▶ Work request
Beginning with the line of the entries below that holds "Großzügiger Flur, vier" and ending with the line that holds "- Gramatura opakowania: 120 g (15 sztuk)", transcribe each line exactly as written. Pictures stay out.

▶ Extracted material
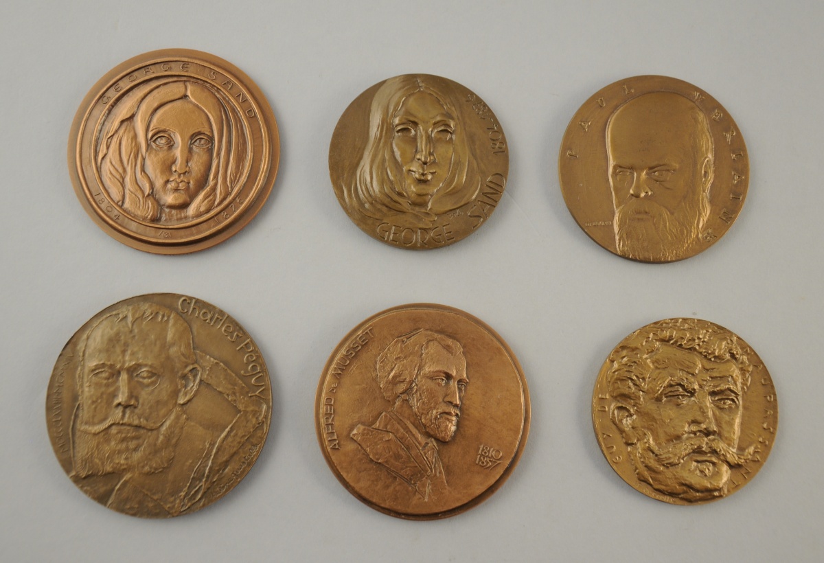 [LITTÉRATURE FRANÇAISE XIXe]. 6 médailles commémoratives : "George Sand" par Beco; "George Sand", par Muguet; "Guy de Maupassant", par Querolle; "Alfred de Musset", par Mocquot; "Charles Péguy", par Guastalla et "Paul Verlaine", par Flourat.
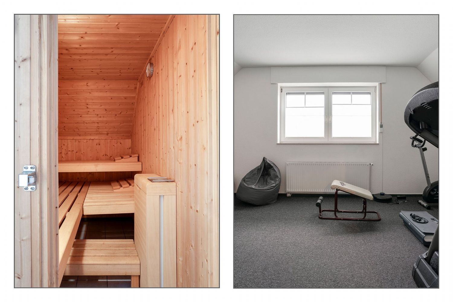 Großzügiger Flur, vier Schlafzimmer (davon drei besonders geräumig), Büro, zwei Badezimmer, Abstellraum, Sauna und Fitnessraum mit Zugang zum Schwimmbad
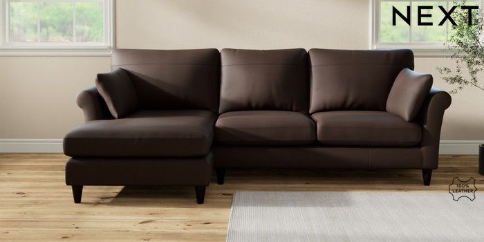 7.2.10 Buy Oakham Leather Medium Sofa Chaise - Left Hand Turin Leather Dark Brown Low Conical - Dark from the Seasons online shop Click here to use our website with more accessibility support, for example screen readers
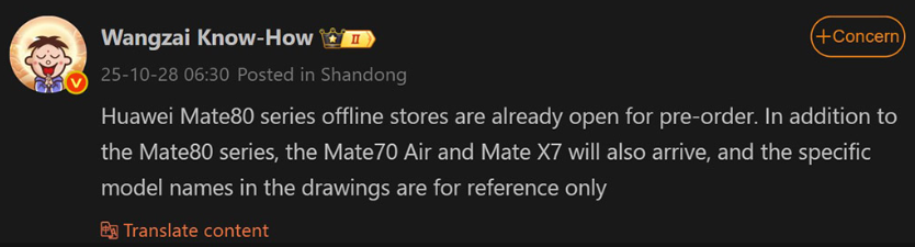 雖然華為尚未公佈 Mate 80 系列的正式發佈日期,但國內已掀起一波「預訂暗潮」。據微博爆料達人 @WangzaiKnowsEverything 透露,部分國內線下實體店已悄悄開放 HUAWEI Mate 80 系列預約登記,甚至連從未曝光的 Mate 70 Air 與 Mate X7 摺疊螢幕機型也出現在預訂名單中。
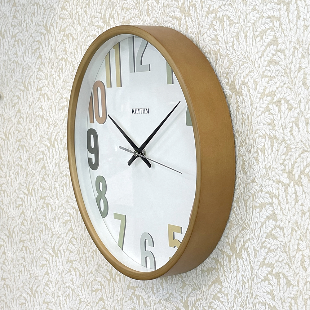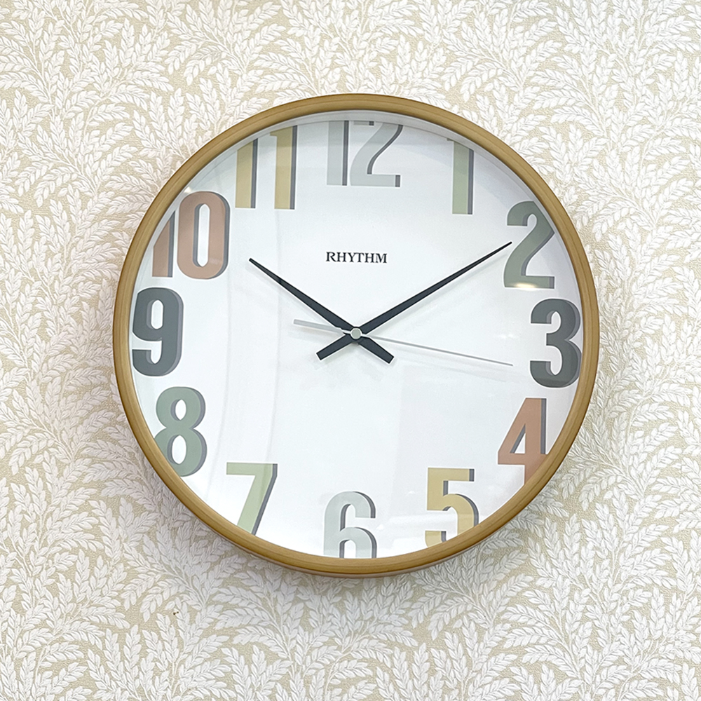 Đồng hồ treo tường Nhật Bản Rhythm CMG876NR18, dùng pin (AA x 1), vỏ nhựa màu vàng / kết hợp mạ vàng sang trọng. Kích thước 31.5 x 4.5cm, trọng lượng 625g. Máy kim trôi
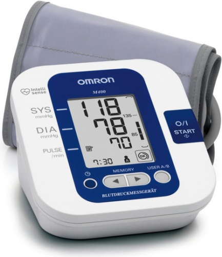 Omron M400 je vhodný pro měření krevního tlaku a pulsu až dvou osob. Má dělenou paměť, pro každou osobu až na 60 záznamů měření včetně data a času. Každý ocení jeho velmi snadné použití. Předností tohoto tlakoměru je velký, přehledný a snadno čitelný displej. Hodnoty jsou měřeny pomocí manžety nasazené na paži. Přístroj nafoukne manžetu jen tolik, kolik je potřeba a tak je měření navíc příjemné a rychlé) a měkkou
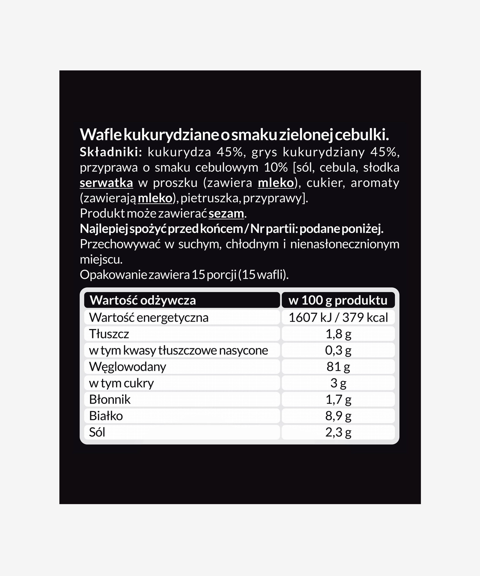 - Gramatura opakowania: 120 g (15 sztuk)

--

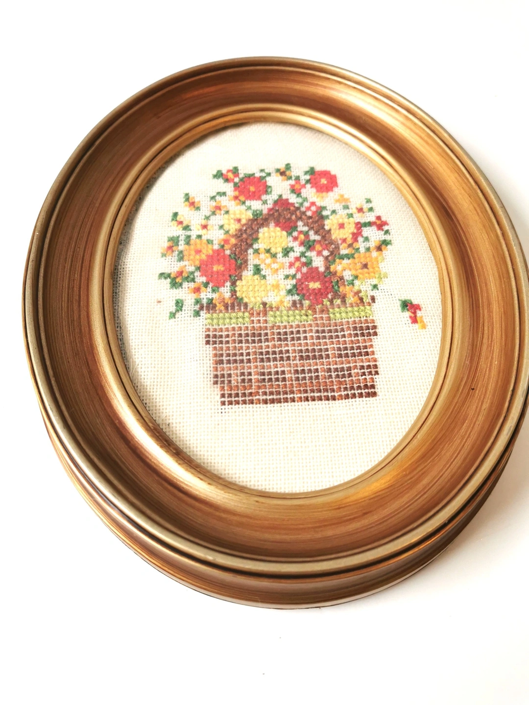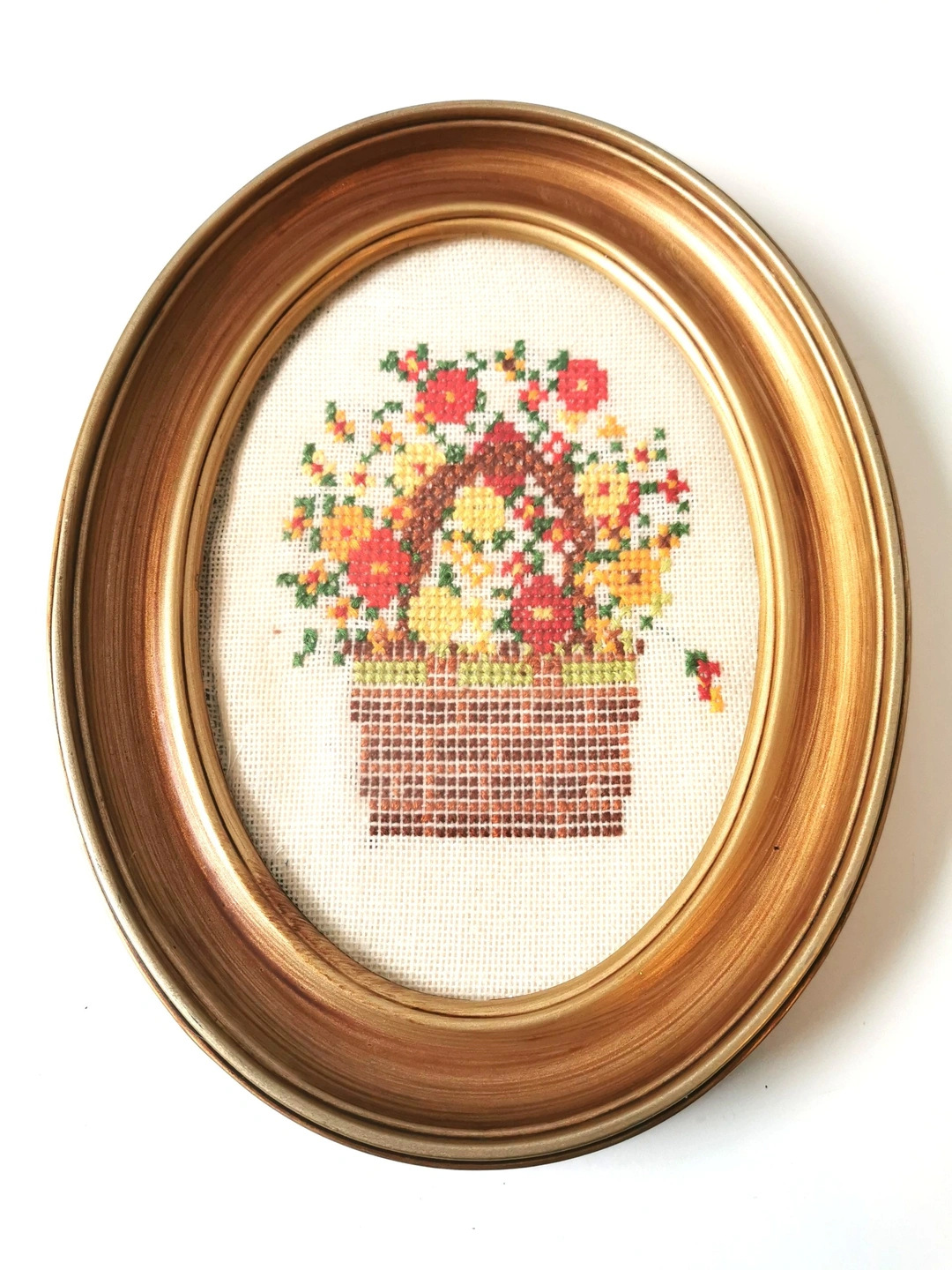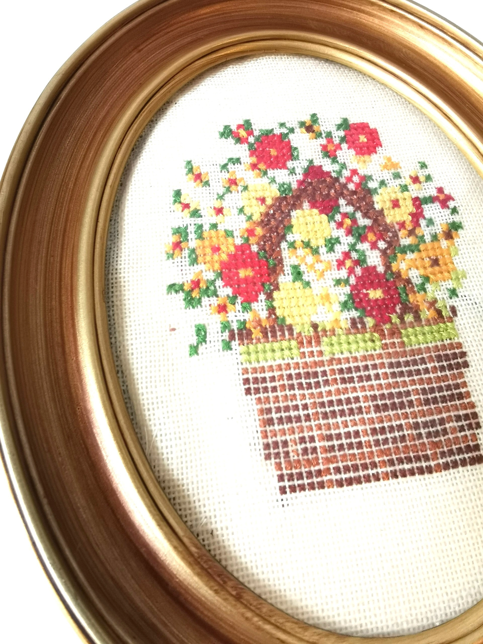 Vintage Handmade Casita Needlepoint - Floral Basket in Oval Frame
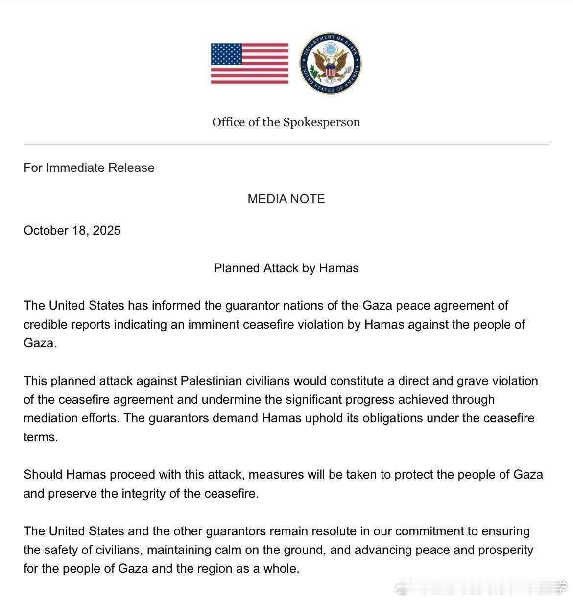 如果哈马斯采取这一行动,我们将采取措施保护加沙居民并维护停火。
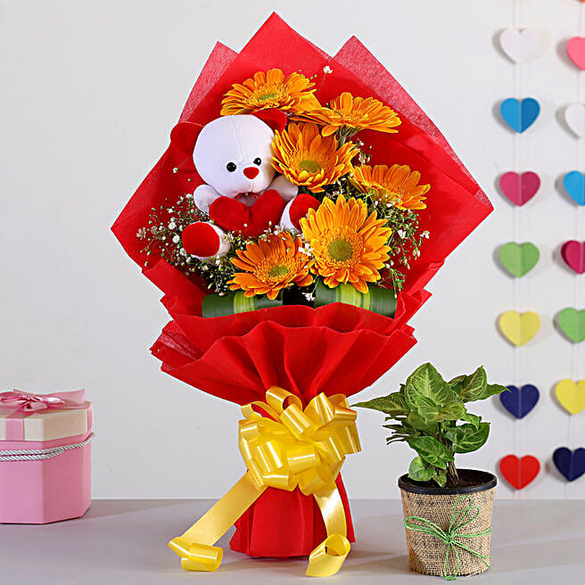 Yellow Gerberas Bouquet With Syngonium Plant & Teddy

▶ Solution below
 Großzügiger Flur, vier Schlafzimmer (davon drei besonders geräumig), Büro, zwei Badezimmer, Abstellraum, Sauna und Fitnessraum mit Zugang zum Schwimmbad
 7.2.10 Buy Oakham Leather Medium Sofa Chaise - Left Hand Turin Leather Dark Brown Low Conical - Dark from the Seasons online shop Click here to use our website with more accessibility support, for example screen readers
 雖然華為尚未公佈 Mate 80 系列的正式發佈日期,但國內已掀起一波「預訂暗潮」。據微博爆料達人 @WangzaiKnowsEverything 透露,部分國內線下實體店已悄悄開放 HUAWEI Mate 80 系列預約登記,甚至連從未曝光的 Mate 70 Air 與 Mate X7 摺疊螢幕機型也出現在預訂名單中。
 Đồng hồ treo tường Nhật Bản Rhythm CMG876NR18, dùng pin (AA x 1), vỏ nhựa màu vàng / kết hợp mạ vàng sang trọng. Kích thước 31.5 x 4.5cm, trọng lượng 625g. Máy kim trôi
 Omron M400 je vhodný pro měření krevního tlaku a pulsu až dvou osob. Má dělenou paměť, pro každou osobu až na 60 záznamů měření včetně data a času. Každý ocení jeho velmi snadné použití. Předností tohoto tlakoměru je velký, přehledný a snadno čitelný displej. Hodnoty jsou měřeny pomocí manžety nasazené na paži. Přístroj nafoukne manžetu jen tolik, kolik je potřeba a tak je měření navíc příjemné a rychlé) a měkkou
 - Gramatura opakowania: 120 g (15 sztuk)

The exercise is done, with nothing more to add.